I am correct in thinking the second option will be more performant due to the filtering occurring earlier and reducing the data in the join? When would this "where" option for create table be the preferred option?
proc sql;
create table (where=(field1=1))
select a.field1, a.field2
from table1 a
join table2 b
on a.field1 = b.field1;
quit;
proc sql;
create table
select a.field1, a.field2
from table1 a
join table2 b
on a.field1 = b.field1;
where a.field1 = 1;
quit;
The data set option (where=(...))
can only put conditions on that table.
select man.name, woman.name
from man(age > 60), woman(age between 50 and 60)
where man.address = woman.address;
The SQL where
clause applies to all tables involved in the query, hence if two tables have fields with identical names you have to qualify that name.

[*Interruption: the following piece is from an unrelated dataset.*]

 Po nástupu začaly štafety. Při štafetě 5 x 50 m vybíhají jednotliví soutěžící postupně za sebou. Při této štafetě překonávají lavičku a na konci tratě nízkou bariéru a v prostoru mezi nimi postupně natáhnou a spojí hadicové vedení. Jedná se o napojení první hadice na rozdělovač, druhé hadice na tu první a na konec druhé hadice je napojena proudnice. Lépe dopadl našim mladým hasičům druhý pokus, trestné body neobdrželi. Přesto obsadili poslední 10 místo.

select man.name, woman.name
from man, woman
where man.address = woman.address
and man.age > 60
and woman.age between 50 and 60;
Logically, the dataset option is applied to the data table before it is involved in the query and the result of that condition is stored in a temporary table, which could be huge. This would mean the dataset option is slower.
In practice however, all SQL goes through an "optimizer" before it is applied to the data.
So what is more efficient, depends on the library engine.
A particular case is, when one table is on a database and another one in SAS base, or both tables are in different databases. Then the data of each table is retrieved first, then joined in SAS. It might wel be, that then a condition in the dataset options is already applied on the database and a condition in the where clause is only applied in SAS. This would mean the dataset option is faster;